Templated copy-constructor fails with specific templated type

强颜欢笑 提交于 2019-11-29 06:46:55

It fails because a template doesn't suppress the implicit declaration of a copy constructor. It will serve as a simple converting constructor, which can be used to copy an object when overload resolution selects it.

Now, you probably copied your matrix somewhere, which would use the implicitly defined copy constructor which does a flat copy. Then, the copied matrix and the copy would both in their destructor delete the same pointer.

Furthermore, why is the extremely verbose template <typename T> template <typename U> syntax required

Because there are two templates involved: The Matrix, which is a class template, and the converting constructor template. Each template deserves its own template clause with its own parameters.

You should get rid of the <T> in your first line, by the way. Such a thing does not appear when defining a template.

This is a poor solution, as it results in the wholesale duplication of the copy-constructor code

You can define a member function template, which will do the work, and delegate from both the converting constructor and the copy constructor. That way, the code is not duplicated.
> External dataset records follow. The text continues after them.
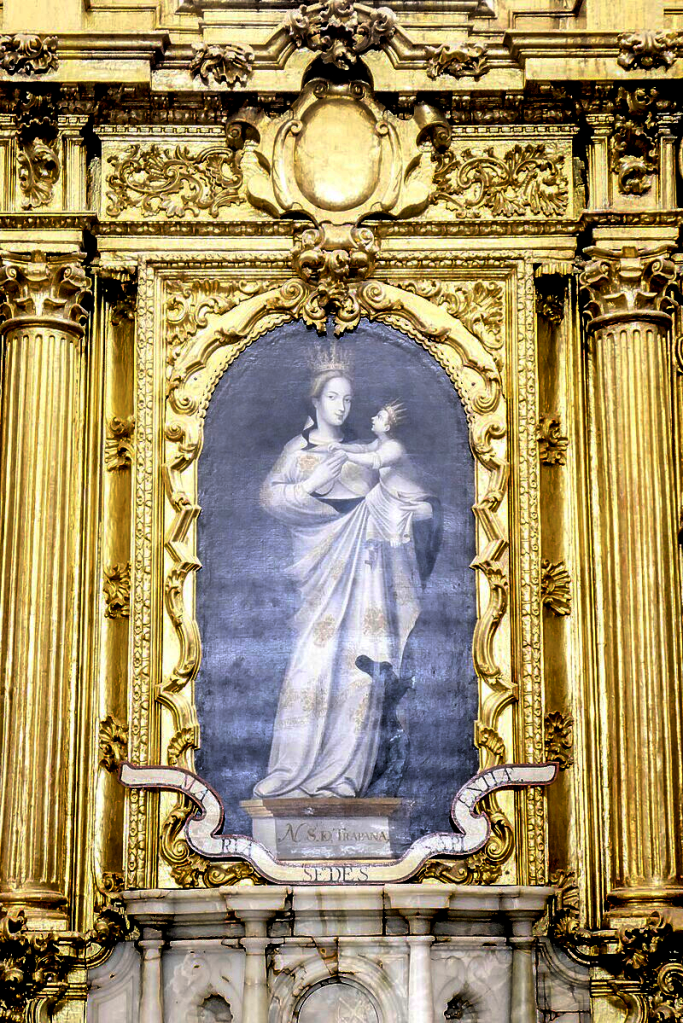 According to the excellent Mexico in Depth: “With a clear baroque and carved walls, their shelves were commissioned by Bishop Francisco Fabian y Fuero in 1773 (expanded to a third level in 1800) are made of finely carved cedar, ayacahuite (a native white pine) and coloyote wood. It also has a gold altarpiece with three floors in one end of the room, which occupies a long arched hallway, where reposes an oil painting of the Virgin of Trapani, from the fourteenth century, attributed to Italian sculptor Nino Pisano, under which reads the phrase “Maria sedes Sapientia” translated “Mary Throne of Wisdom”.
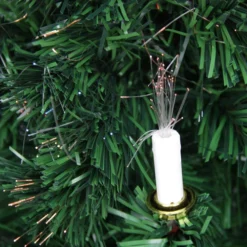 Pre-lit fiber optic tree has a multi-color wheel at base
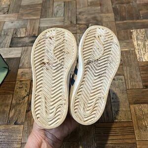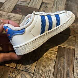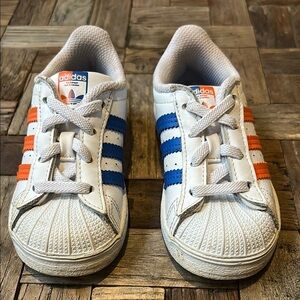 Adidas Kids Superstar Athletic Shoes Sneakers. white with blue and orange stripes and accents. Ortholite soles. Size 7K
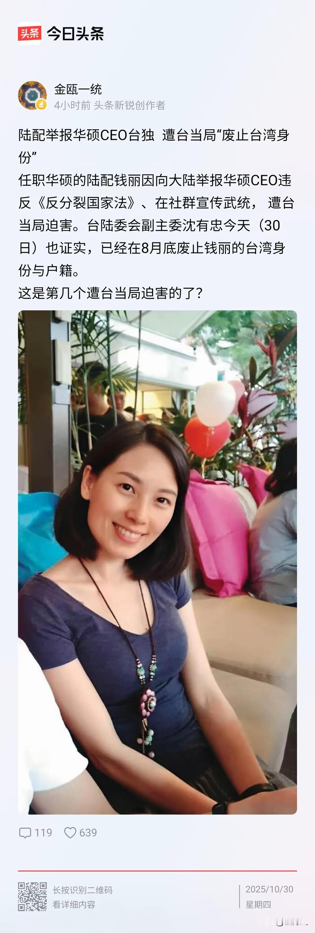 台湾华硕CEO支持台独?向社群发放反华宣传?据报陆配钱丽因向大陆举报华硕CEO台独,遭台当局撤销户籍,梁文杰今天(30日)声称,“已废止她的定居许可、撤销她的户籍。” 有网友说:爱国的路籍婚姻必须得到国家的保护照顾!作为特殊贡献者,统一之时,应该得到应有安置!出卖民族利益,必须得到严惩! 如果消息属实,要能做到这样,真是不易,必须支持。对这个华硕,也必须真心对待,相信会给你各种想要的惩罚! 强烈要求政府对台湾实行穷台政策!取消一切优惠政策!限制台湾的经济发展! 对台资企业要严加审核,台独势力壮大跟他们的支持脱不了干系,能替代的坚决替代。 华硕现在在大陆都卖翻了。既然这样,大陆有关部门应该禁止它们在大陆销售。 大家怎么看呢?

Richard made a good point in the comments which made me amend my answer. If the candidate function generated from the template is a better match than the implicitly declared copy constructor, then the template "wins", and it will be called. Here are two common examples:

struct A {
  template<typename T>
  A(T&) { std::cout << "A(T&)"; }
  A() { }
};

int main() {
  A a;
  A b(a); // template wins:
          //   A<A>(A&)  -- specialization
          //   A(A const&); -- implicit copy constructor
          // (prefer less qualification)

  A const a1;
  A b1(a1); // implicit copy constructor wins: 
            //   A(A const&) -- specialization
            //   A(A const&) -- implicit copy constructor
            // (prefer non-template)
}

A copy constructor can have a non-const reference parameter too, if any of its members has

struct B { B(B&) { } B() { } };
struct A {
  template<typename T>
  A(T&) { std::cout << "A(T&)"; }
  A() { }
  B b;
};

int main() {
  A a;
  A b(a); // implicit copy constructor wins:
          //   A<A>(A&)  -- specialization
          //   A(A&); -- implicit copy constructor
          // (prefer non-template)

  A const a1;
  A b1(a1); // template wins: 
            //   A(A const&) -- specialization
            // (implicit copy constructor not viable)
}

I'm not entirely clear from your question, but I suspect what is happening is that the default copy constructor (which does a memberwise copy only) is being used in some places in your code. Remember, not only the code you actually write uses the copy constructor - the compiler uses it too.